*Records supplied*

<<<<

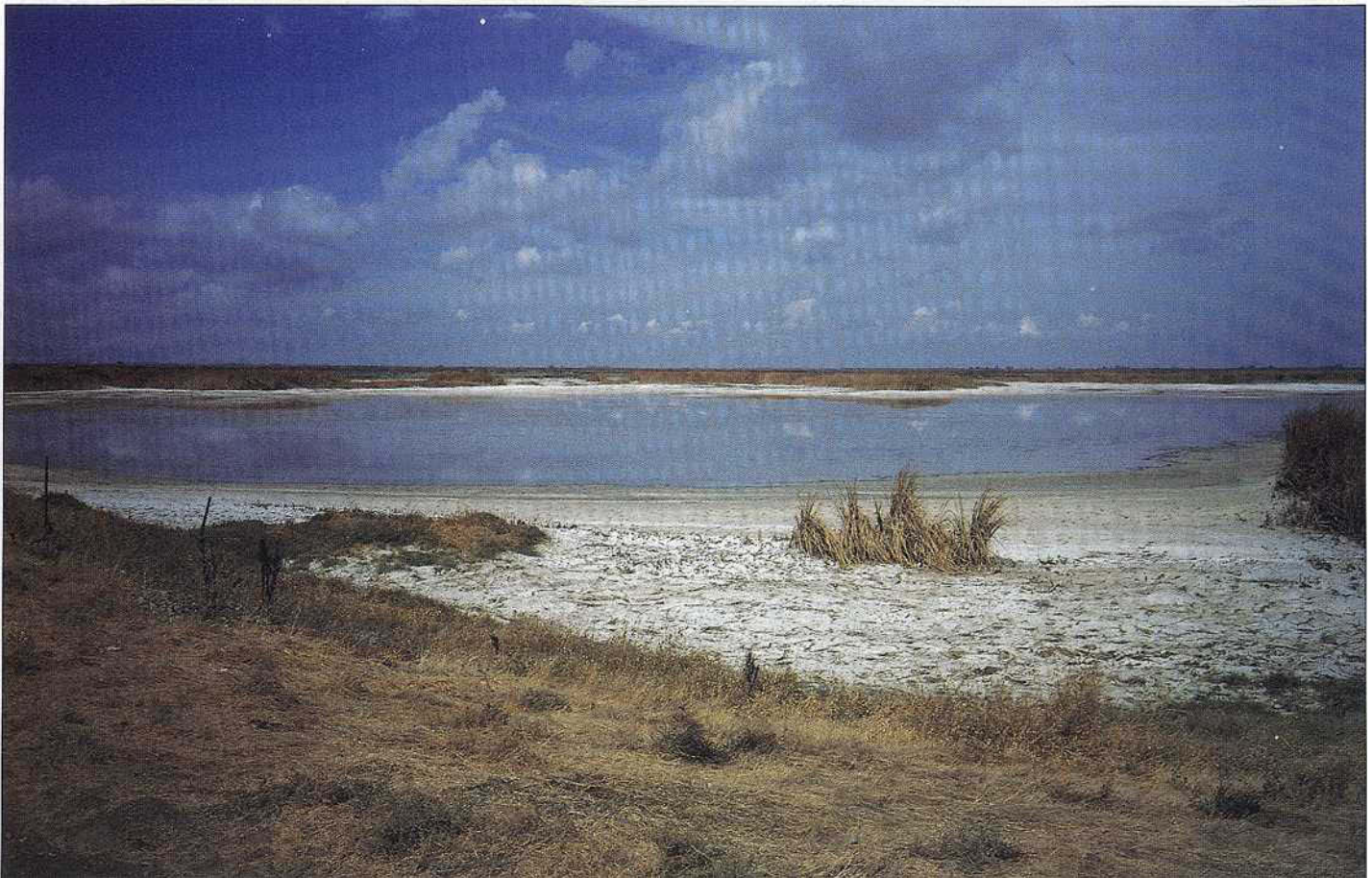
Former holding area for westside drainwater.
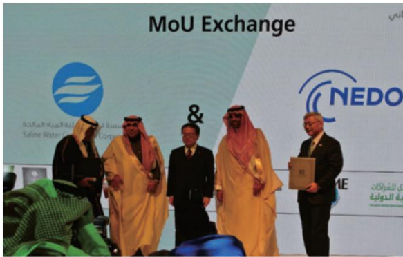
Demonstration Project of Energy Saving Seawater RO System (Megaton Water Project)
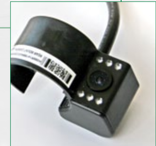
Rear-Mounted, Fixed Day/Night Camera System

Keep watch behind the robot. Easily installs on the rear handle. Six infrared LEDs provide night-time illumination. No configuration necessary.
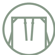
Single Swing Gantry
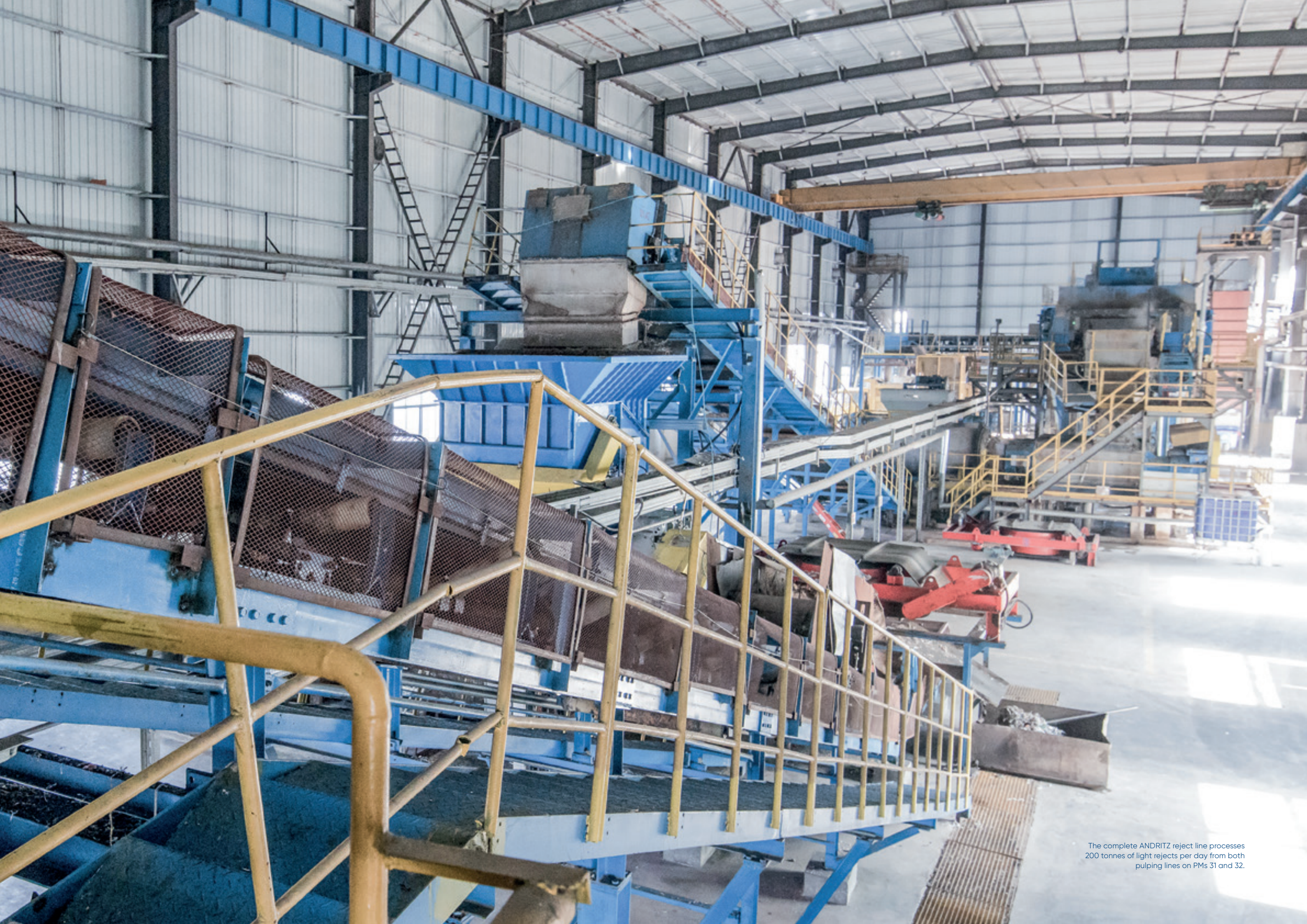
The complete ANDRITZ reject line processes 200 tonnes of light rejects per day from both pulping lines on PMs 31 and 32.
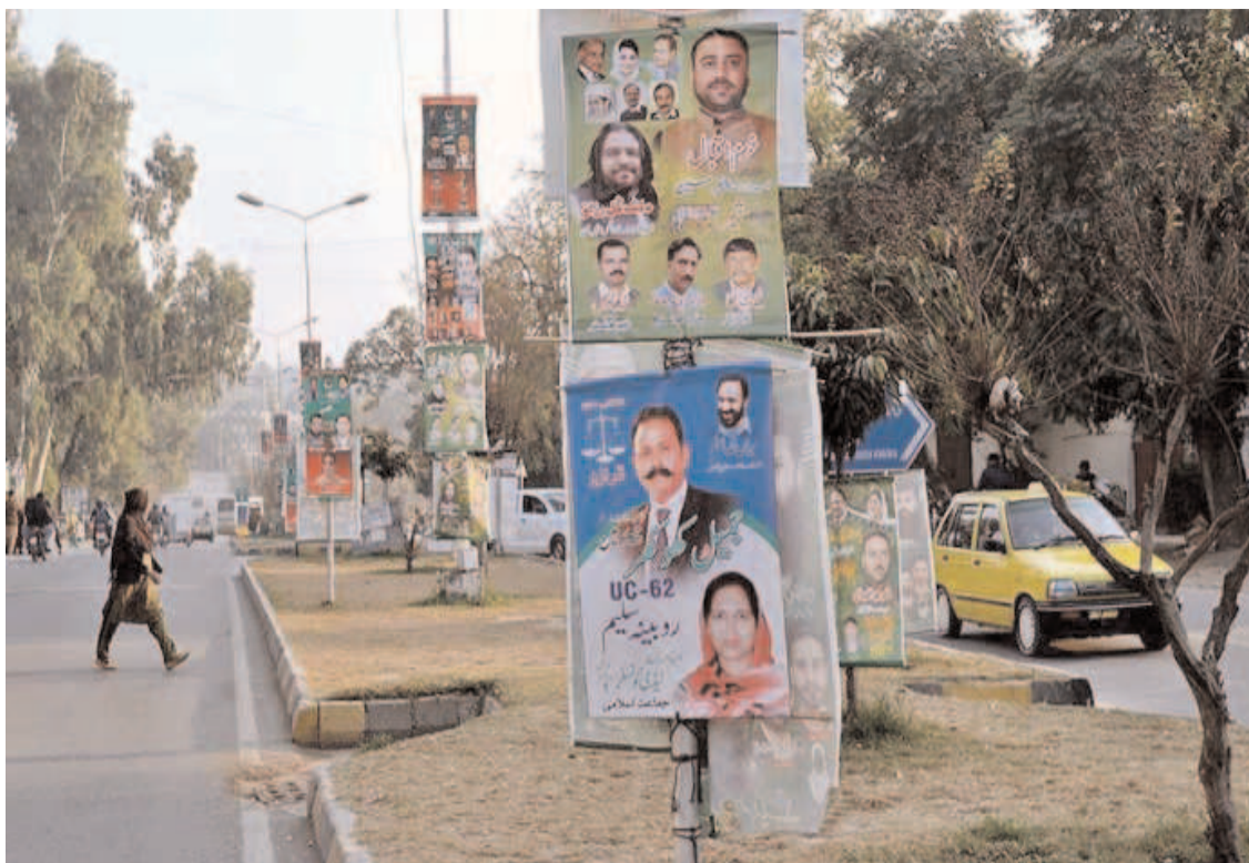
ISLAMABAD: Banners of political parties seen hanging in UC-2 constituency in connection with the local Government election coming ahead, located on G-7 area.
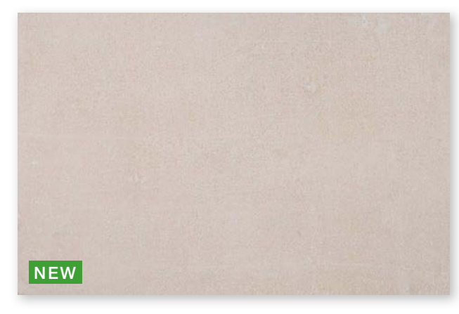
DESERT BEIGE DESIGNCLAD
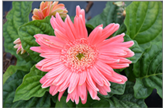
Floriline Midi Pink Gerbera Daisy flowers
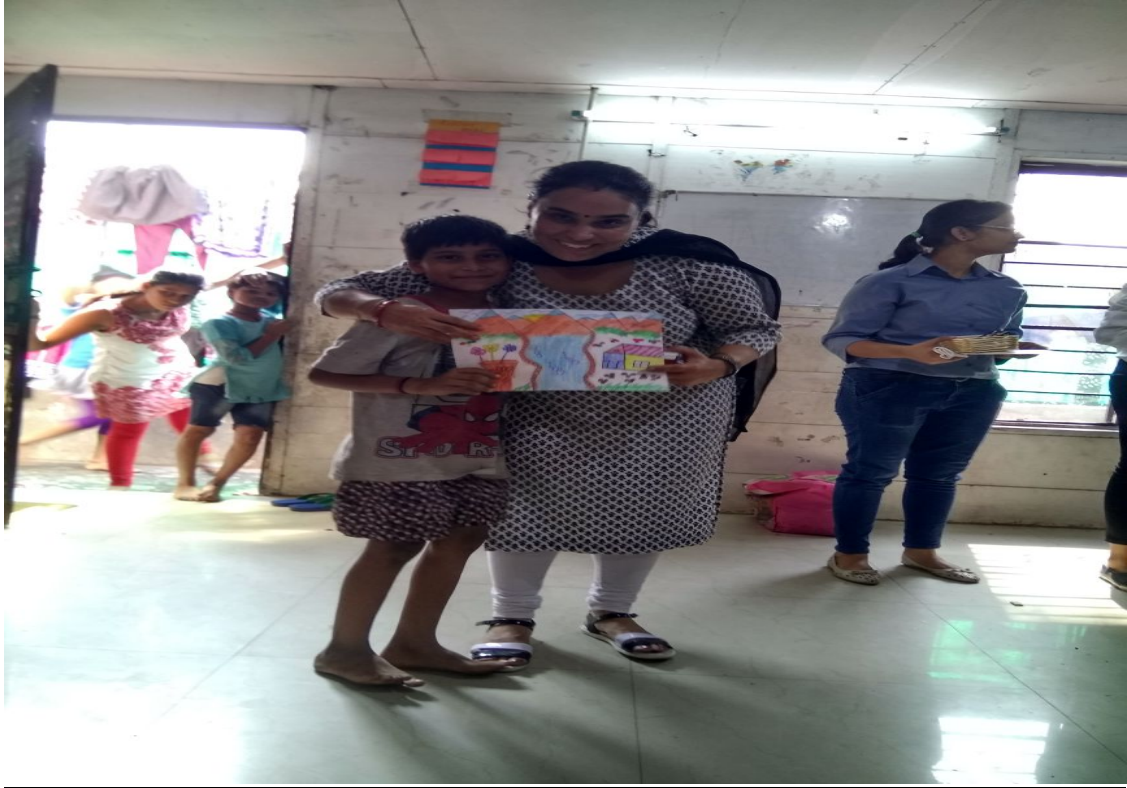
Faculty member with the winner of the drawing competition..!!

>>>>

*Your instructions*
What is needed is a verbatim copy of the material, minus its pictures.

*Exercise response*
Former holding area for westside drainwater.
Demonstration Project of Energy Saving Seawater RO System (Megaton Water Project)
Rear-Mounted, Fixed Day/Night Camera System

Keep watch behind the robot. Easily installs on the rear handle. Six infrared LEDs provide night-time illumination. No configuration necessary.
Single Swing Gantry
The complete ANDRITZ reject line processes 200 tonnes of light rejects per day from both pulping lines on PMs 31 and 32.
ISLAMABAD: Banners of political parties seen hanging in UC-2 constituency in connection with the local Government election coming ahead, located on G-7 area.
DESERT BEIGE DESIGNCLAD
Floriline Midi Pink Gerbera Daisy flowers
Faculty member with the winner of the drawing competition..!!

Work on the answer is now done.